So what is your definiton of a SMB?
wish someone would tell my boss what an SMB spends on hardware / software
Larry Ellison says that he doesn't care if the company's x64 server business goes to zero. But Oracle has once again launched a database appliance based on x64 servers. The Oracle Database Appliance announced today is one of the four new "engineered systems" that Oracle is promising to launch over the next few weeks, and it is …
I'd love to know this one aswell.
I work for an SMB, our whole server rack is due to be completely replaced, I'll be lucky be if my whole budget is as much 1 of these appliances! Companies like Oracle, Microsoft etc all need a reality check (or nuclear rocket up their collective asses!) when it comes to IT budgets for SMB's..
I don't think Oracle belongs anywhere near the definition of SMB. This goes triple for Oracle's clustered products.
I also find it amusing that this thing isn't even an appliance as such.

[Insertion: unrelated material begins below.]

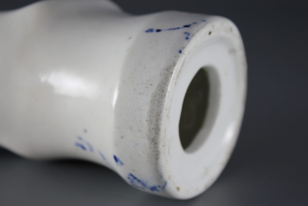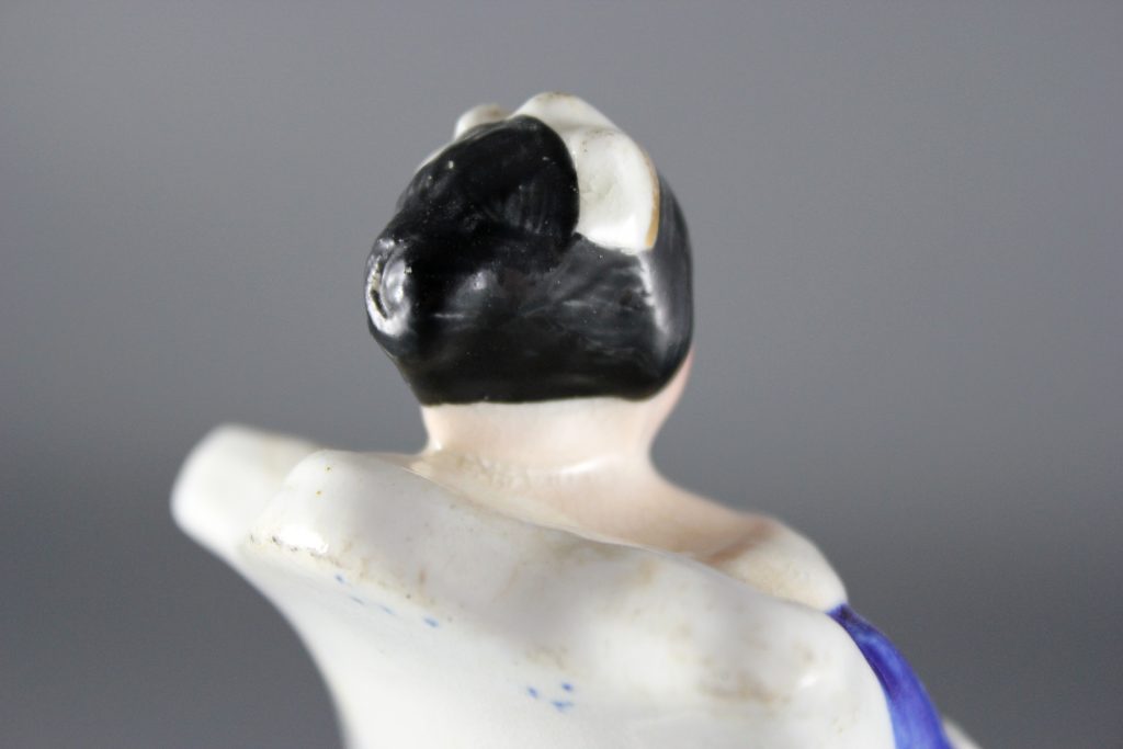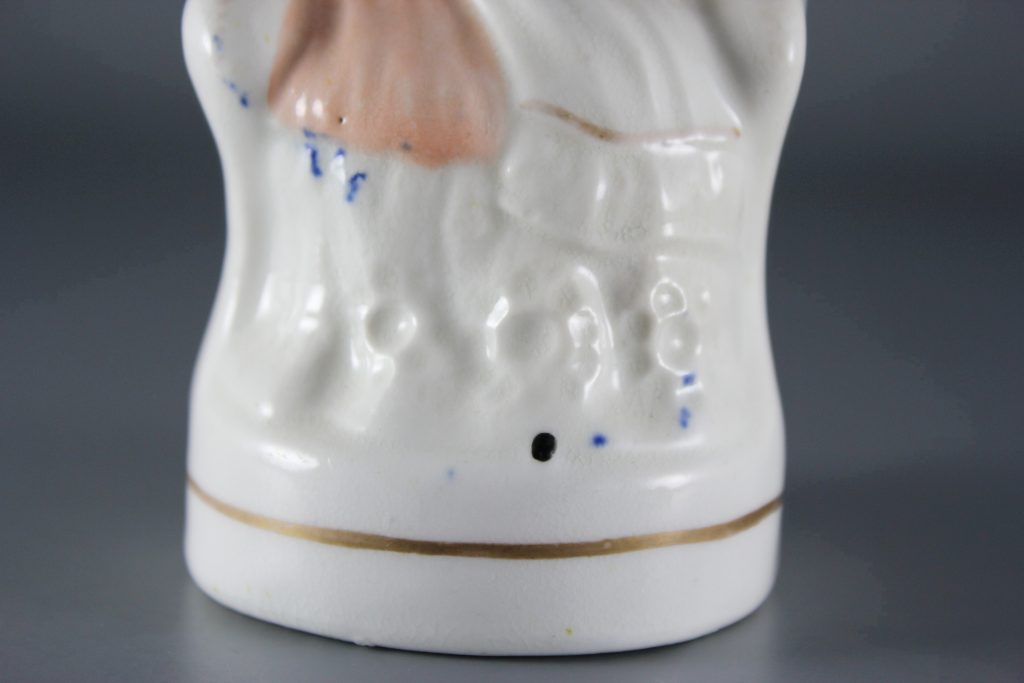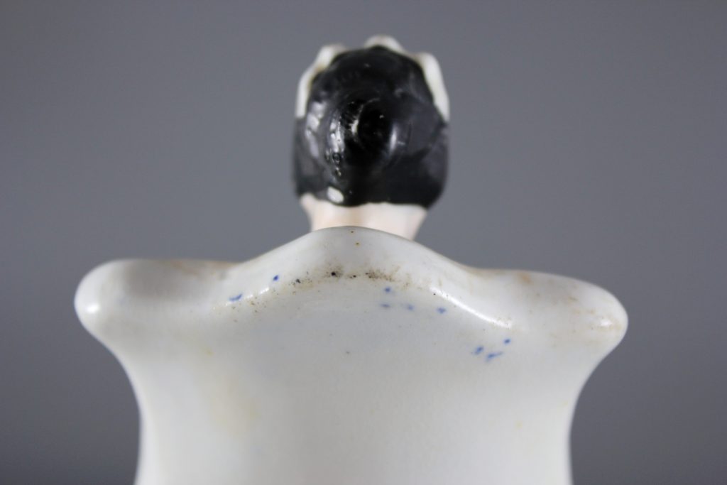 Interestingly, the base of the figure is marked with an incised X. This mark was added when the figure was in its leather-hard clay state, prior to the first biscuit firing.

It's not a complete solution and you still have to sort out RDBMS licensing despite the fact you are buying the hardware from Oracle already.
Perhaps they are trying to avoid the inevitable sticker shock.
The database is presumably a tickbox on an option list.
Basically, they're damned if they do, damned if they don't - if they included the DB in the standard price and specs, people would be screaming "but we already have enterprise licenses for 11g database, come on Oracle, why have you included it in the price??!?"
I know of SMBs that have 12TB of storage... If you count the disks in workstations. Most still don't clock even this much (let alone use it, just for database hardware).
It's like I'm reading about Foundation and Empire. In the books, the latter doesn't even believe you can build nuclear reactors smaller than 100TW while the former builds ones for personal use, the size of a thumb.
Although an interesting idea to sell an Oracle DB appliance to SMBs, this configuration seems to be a little much for them. This appears to be something a larger shop would buy to evaluate if one wanted to buy the larger appliance. A better option would be to sell something like this in a nonclustered option. Reducing the redundancy of the system should possibly be able to put the cost in line with what a SMB could actually afford.
So I watched the video and as much as Oracle tries to hide that is is re-badged Sun x86 it still is with no innovation in the hardware.
The only value is the "pay as your grow" or what some people call sub capacity pricing. Just because they refuse to offer sub-capacity pricing on vmware does not make me want to switch to oracle linux and oracle VM on sun hardware.
Go back to zero and start over. Strangely enough we are "SMB" size and priced out the cost of x86 HP with Intel and decided to go with IBM's Power7 instead. The software cost savings justified the higher hardware price not to mention the reliability saved us from the expense of doing RAC.